15-го числа, в воскресенье, в 6 часов вечера, последовал вынос тела покойного в церковь Благовещения (что при Конной гвардии). Замечательно, что об этом выносе не было предварительно сказано ни в одной газете, но уже с 4 часов пополудни вся набережная Мойки у Синего моста, самый мост и Исаакиевская площадь были заняты сплошною массой народа…
Когда выносили гроб из дому, дроги подвинулись к крыльцу, но почитатели покойного, несшие гроб, как по условию, закричали: «не надо, не надо! Мы на руках его донесем»… и дроги пустые потянулись за гробом, который, переходя из рук в руки, был донесен до церкви.
В продолжении всей ночи, накануне его похорон, церковь невозможно было запереть, по причине огромного стечения народа, желавшего в последний раз взглянуть на усопшего и проститься с ним; но той же причине, в понедельник, в день отпевания, принуждены были впускать в церковь по билетам.
16-го марта совершена была заупокойная обедня соборне, за которой последовало и отпевание. С самого раннего утра парод всевозможных званий и возрастов толпился около церкви, в ожидании похорон. По окончании отпевания, гроб вынесли из церкви и также (как накануне) не поставили на дроги, а на руках донесли вплоть до Смоленского кладбища[61]. Многие тогда сожалели, что не были приготовлены носилки и потому самый гроб трудно было видеть в толпе народной массы: он то поднимался к верху, то снова тонул в волнах безмолвных, уносивших эту печальную ладью к тихому пристанищу вечного упокоения. На гробу лежал лавровый венок, вполне заслуженный честным артистом тридцатитрехлетним служением своему искусству. До самого кладбища, по обеим сторонам линий Васильевского острова, по которым следовала похоронная процессия, стояла необозримая толпа народа. Не смотря на зимнюю еще пору, во многих домах были открыты балконы, наполненные любопытными зрителями. Ни одному из прежних петербургских артистов, до того времени, не было оказано такого народного почета, такого искреннего сожаления об его утрате. Эта непритворная грусть ясно выразилась тем безмолвием и торжественной тишиной, которая не нарушалась в продолжении всего скорбного пути.

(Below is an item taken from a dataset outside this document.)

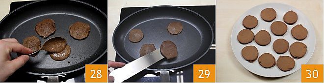 Forma con la masa pequeños círculos, dejándola caer desde la punta de la cuchara y manteniéndola siempre en el centro, para obtener círculos perfectos 28. Deja cocinar durante unos 1 minuto luego voltea tu blini del otro lado y cocínalo otro minuto 29. Una vez listos, coloca los blinis en un plato llano a templar y continúa así hasta terminar toda la masa 30.

На этих похоронах не требовалось никаких полицейских распоряжений для соблюдения порядка, потому что он сам собою нигде не был нарушен: тут не было эксцентричных возгласов: «шляпы долой!» и тому подобного.

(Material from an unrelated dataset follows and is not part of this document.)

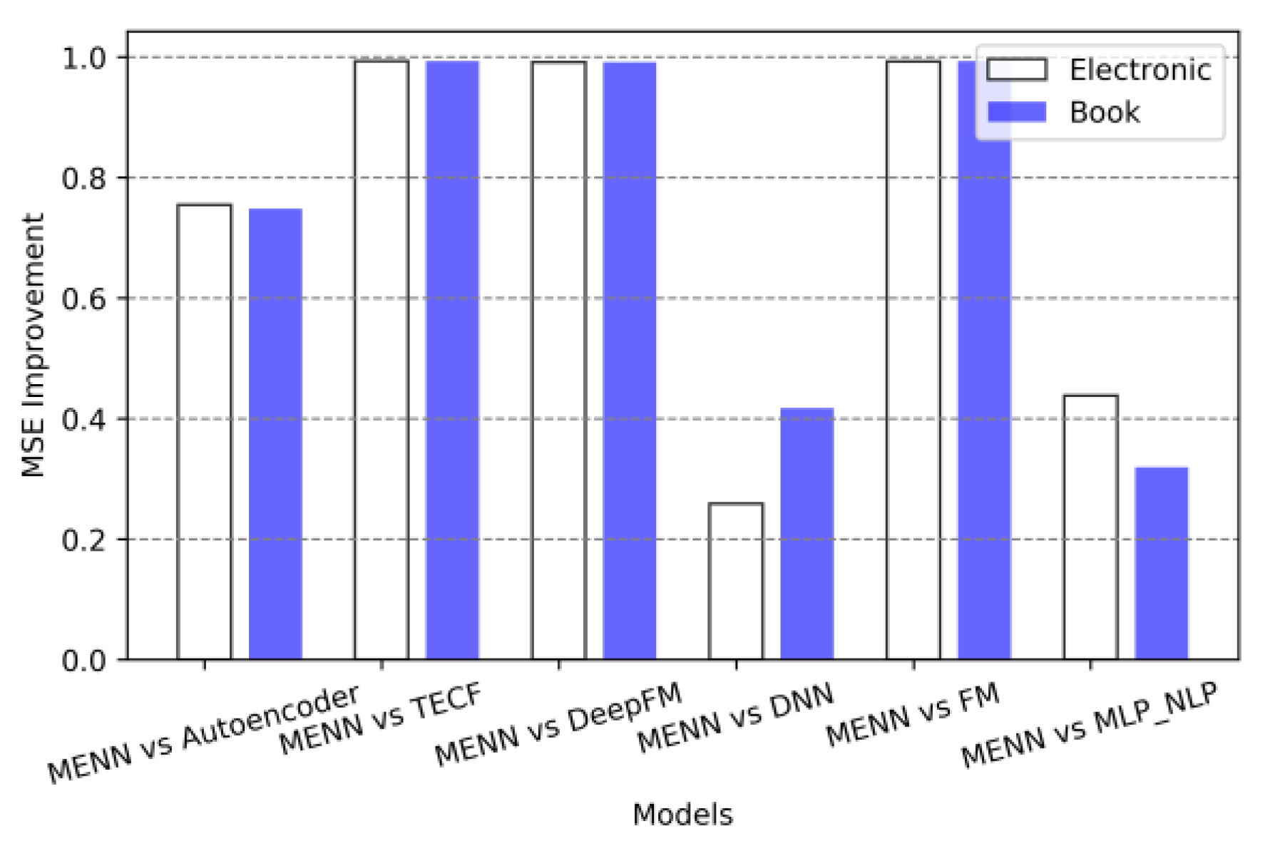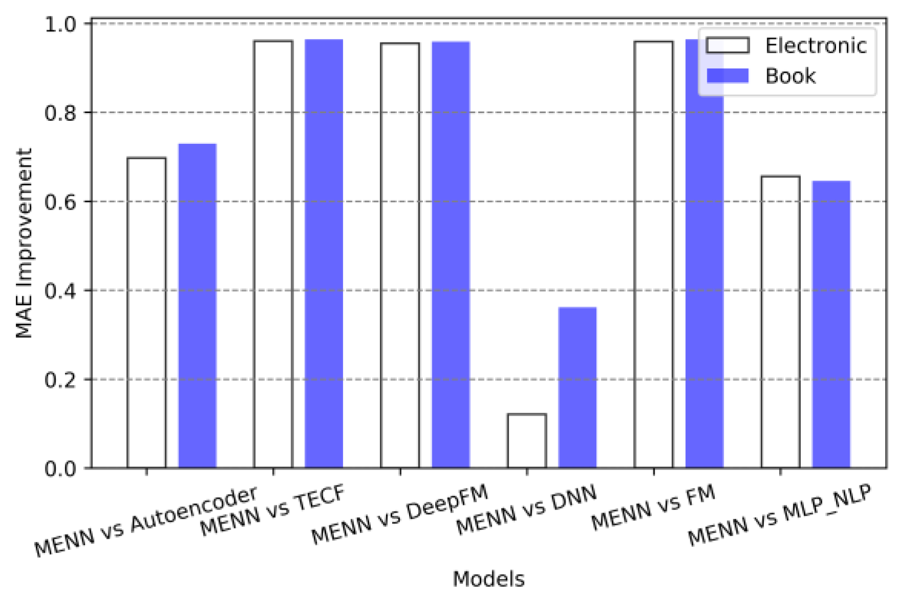 Figure 6 show the improvement rate of the MENN model compared to the other models on the two datasets “Electronic” and “Book”.

По прибытии на кладбище и по совершении духовенством обычного обряда, гроб был опущен в могилу… Но когда появились могильщики с заступами, многие закричали: «ступайте прочь! не надо заступов, — мы это сделаем своими руками», и в несколько минут могила не только была вплоть засыпана землею, но над нею образовался высокий курган, потому что большая часть присутствовавших долгом себе поставила бросить горсть земли в могилу усопшего, а их было несколько тысяч…

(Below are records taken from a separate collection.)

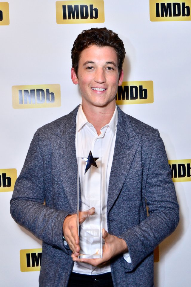 (下圖為小鮮肉Miles Teller領取2014 IMDb STARmeter Award人氣獎)
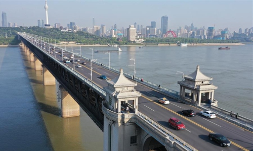 Aerial photo shows the Yangtze River bridge during the morning rush hour in Wuhan, central China's Hubei Province, April 15, 2020. (Xinhua/Li He)
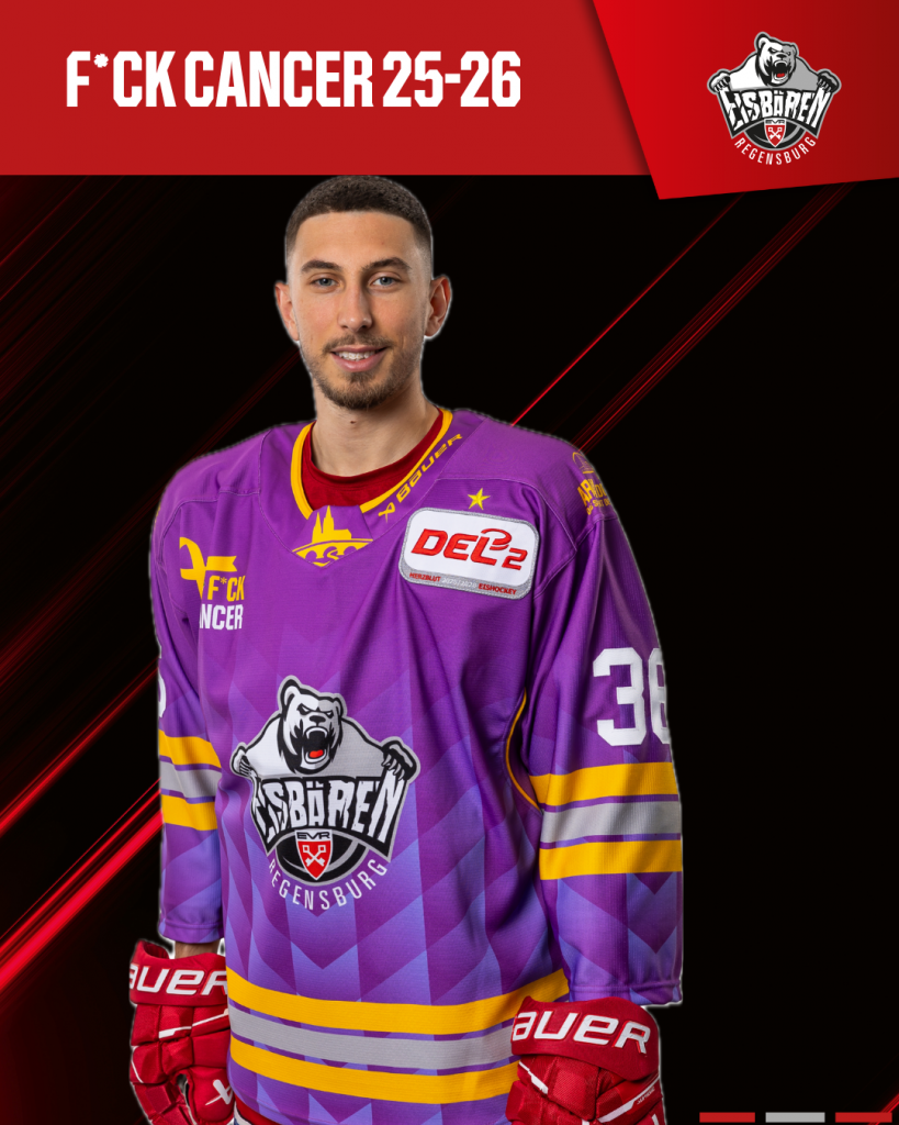 Unser F*CK Cancer Wochenende findet heuer von 16. bis 18. Januar 2026 statt. Beim Heimspiel am Sonntag, 18. Januar 2026 gegen den ESV Kaufbeuren tragen unsere Jungs dieses besondere Trikot.

Дней через шесть после похорон моего брата, я пошел навестить мою невестку и тут, на углу Большой Морской, встретил покойного Государя, возвращавшегося из дворца великой княгини Марии Николаевны. Я, сняв шляпу, поклонился ему, и он, подойдя ко мне, сказал:
— Здравствуй… Какое у вас несчастье! Как мне жаль твоего брата! Расскажи, как это случилось?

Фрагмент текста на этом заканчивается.